The concept paper focuses on medically important animal antimicrobial drugs – drugs important in human medicine – administered through the medicated feed of food-producing animals. In accordance with FDA’s Veterinary Feed Directive (VFD) regulations, these drugs legally only may be used under the order and supervision of a licensed veterinarian. Currently, a limited number of medically important antimicrobials administered through animal feed include approved uses that lack a defined duration of use. Lacking a defined duration of use means that labeling for an identified product indication includes no information regarding the duration of administration or otherwise does not provide a targeted duration of use. The concept paper is limited to feed-use drugs because FDA has determined that all approved uses of medically important antimicrobial drugs in dosage forms, other than feed, already have appropriately defined durations of use. 

Currently, there are 89 approved animal drug applications for medically important antimicrobials that have one or more indications without a defined duration of use. According to FDA, these drugs comprise approximately 28 percent of all medically important antimicrobials approved for administration through animal feed. FDA states that defining durations of use for those uses of medically important antimicrobials in medicated feed that currently lack them will allow for the effective use of these products while minimizing the extent of antimicrobial drug exposure. 
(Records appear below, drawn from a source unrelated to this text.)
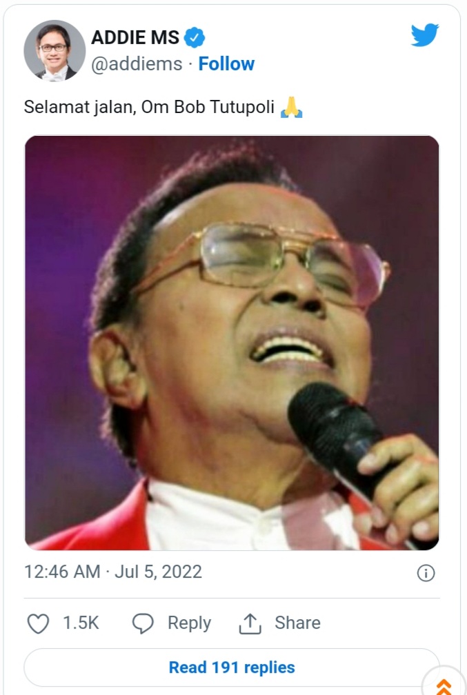 “Selamat jalan, Om Bob Tutupoly,” tulis Addie MS di twitternya.
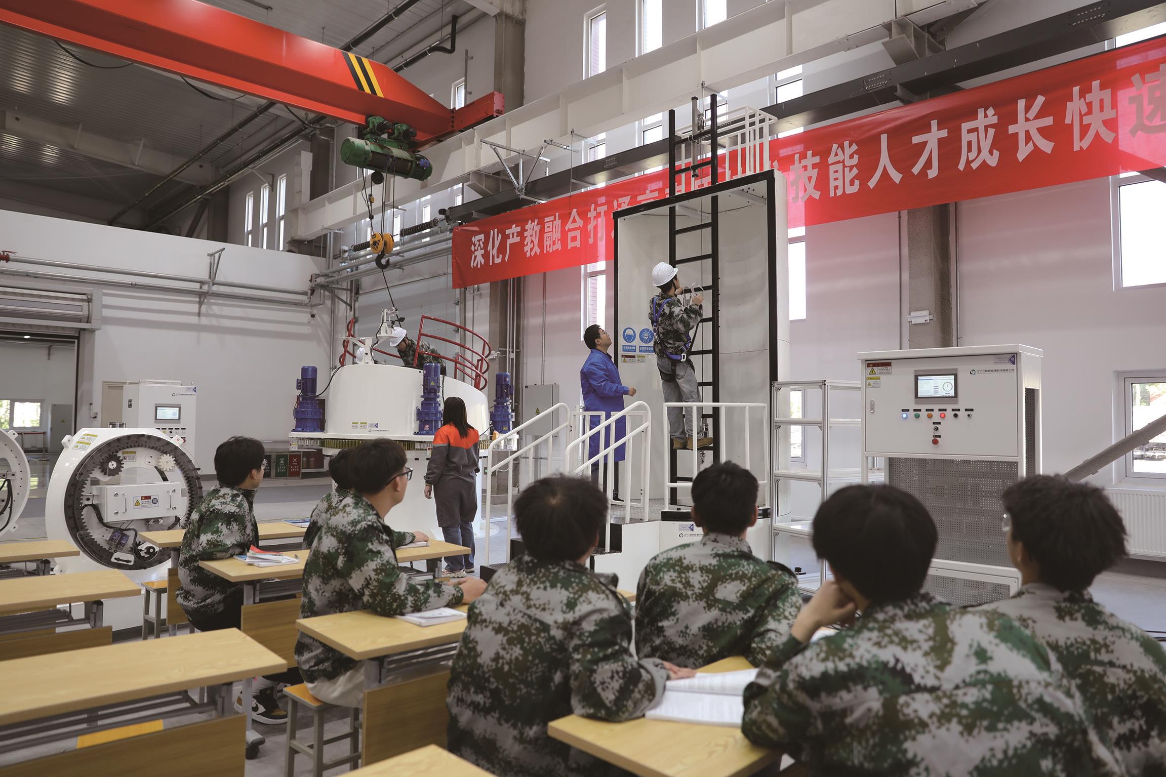 4月的天津沐浴着热烈的阳光,又被徐徐海风轻轻吹拂。在这无限春光之中,天津轻工职业技术学院实训基地内一派忙中有序的景象。在精密模具协同创新中心,学生们正通过 VDL-600 A设备上数控铣加工实训课,逐个完成对工件的正确安装、分中、编写程序等加工实操练习;新能源技术产教融合基地里,学生们爬上高达5米的风机塔筒设备,开展风电场建设和风电基础运维的模拟训练。
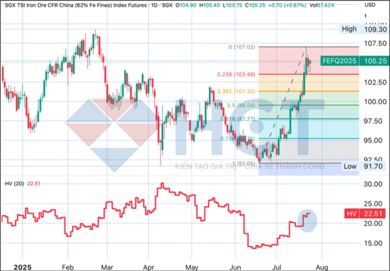 Phân tích Fibonacci và biến động lịch sử: Giá đang dao động trong vùng giữa các mốc hồi quy Fibonacci 50% – 0%. Trong ngắn hạn, nếu không có tin tức đột biến, giá quặng sắt dự kiến sẽ đi ngang trong vùng 103,49 – 107 USD/tấn, tương ứng các ngưỡng hỗ trợ và kháng cự gần nhất. Biến động lịch sử 20 ngày tăng 16,6%, từ 19,30% lên 22,51%, cho thấy mức độ biến động đang mở rộng trở lại.
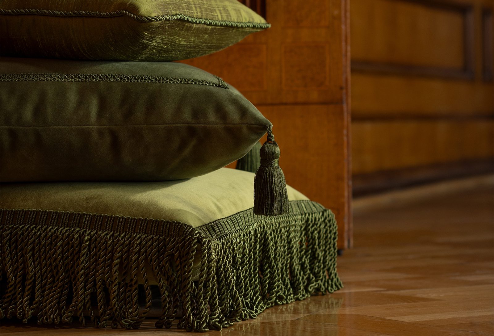 Kolekcja klasycznych pasmanteryjnych dodatków Elegance to frędzle, sznury, chwosty i taśmy o wyrazistych kolorach i formach oraz charakterystycznym połysku, typowym dla wiskozowej przędzy. Można je wykorzystywać do dekorowania mebli tapicerowanych, poduszek, kotar, zasłon, wałków czy serwet. Ze względu na swój charakter pasują nawet do najbardziej bogatych i zdobnych tkanin, takich jak welury, adamaszki czy gobeliny.
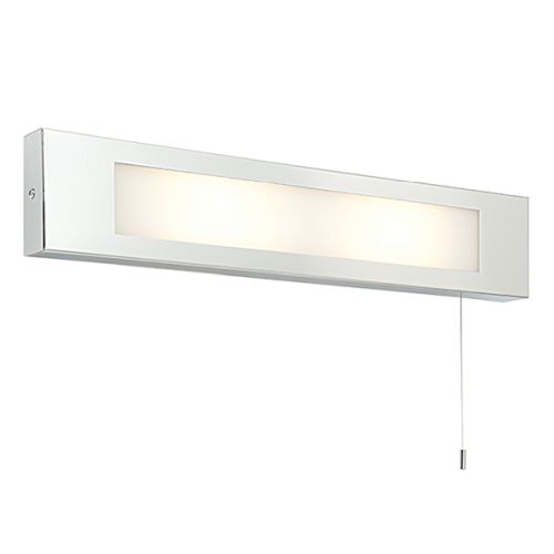 The Saxby 39913 is a wall light with a built in shaver socket, frosted white glass and a chrome trim. This light fitting is supplied with fixing accessories and a pull cord switch, while its IP20 rating means it is suitable for bathroom installation. However the light does require 2 25W E14 golf ball lamps. Dimensions: 100 x 510 x 80mm (H x W x Proj.)

The concept paper outlines a potential voluntary process that would involve drug sponsors working with FDA to make changes to the approved labeling for affected products to establish appropriately defined durations of use. FDA states that if the potential framework outlined in the concept paper later was issued as final agency guidance, implementation of that guidance would help ensure that all medically important antimicrobial animal drugs are administered in a manner consistent with ongoing efforts by the agency to limit the development of antimicrobial resistance by ensuring the judicious use of medically important antimicrobial drugs in animals.

The concept paper is intended to facilitate public comment on a potential voluntary approach to define durations of use. FDA states it will consider all information and comments received on the concept paper before issuing draft guidance for additional public comment. FDA also published a notice in the Federal Register that invites public comment on specific questions regarding the concept paper by April 12.  NGFA will be submitting such comments with input from its Feed Legislative and Regulatory Affairs and Feed Manufacturing and Technology Committees.